The tempest on the supply front was less intense and damaging. Non-DoC (countries outside the OPEC+ producer group) supply is now estimated 40,000 bpd less for this year than a month ago. For 2026, it was lowered more steeply, by 380,000 bpd, which is significantly less than the reduction in total oil consumption. The inevitable conclusion that has to be drawn, therefore, is that the world will need considerably less DoC (OPEC+) oil than projected in the preceding months. On a month-on-month basis, the decline is 440,000 bpd in 2025 and 240,000 bpd in 2026. The absolute figures are 42.39 mbpd and 42.69 mbpd.

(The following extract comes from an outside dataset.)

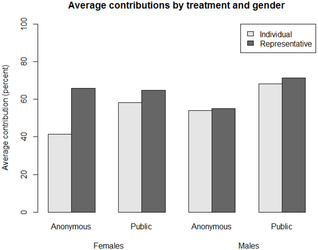 Two factors that seem to matter for decisions made by group representatives, is gender and whether decisions are anonymous or made in public. As mentioned above, men and women have been found to respond differently to behaving as representatives, compared to as individuals, in dictator games. Song, Cadsby and Morris [4] compare dictator behavior in an inter-individual dictator game and an inter-group dictator game. They found that women gave away slightly, but not significantly, more in the role as representatives compared to as individuals, while men give away significantly less as representatives. Men and women may also respond differently to having their decisions being observed by in-group and out-group members: women have been found to cooperate more when observed by their in-group, while men cooperated less [26].

Of course, these estimates will only gain sense when they are put against OPEC+ production figures. Although the unwinding of voluntary supply restrictions from within the group will hasten in May, DoC production was left broadly unchanged for both years (well, minuscule reductions of 10,000 bps and 50,000 bpd were observed). This, however, does not change the fact that the ultimate gauge of the projected health of the oil market, stock levels, has been inflated. Global oil inventories, under the latest assumed scenario, will increase by 460,000 bpd in 2025 and 670,000 bpd in 2026, versus 40,000 bpd and 480,000 bpd in March. OECD inventories will finish this year at 2.792 billion bbls and next at 2.854 billion bbls, upward amendments of 68 million bbls and 90 million bbls, respectively. Lots of numbers, an ostensibly gloomier picture, but the salient piece of information the reader is most interested in is the price forecast. Brent will average $68/bbl (well above the current curve) this year and $61/bbl next (slightly below the 2026 strip), a cut of $6/bbl and $7/bbl from last month. Much of the same is anticipated next Monday and Tuesday when OPEC and the IEA issue their versions but whatever the refreshed oil balances imply, one must remember, these are just assumptions, snapshots, if you will, in a dangerously unpredictable economic environment, liable to sudden corrections.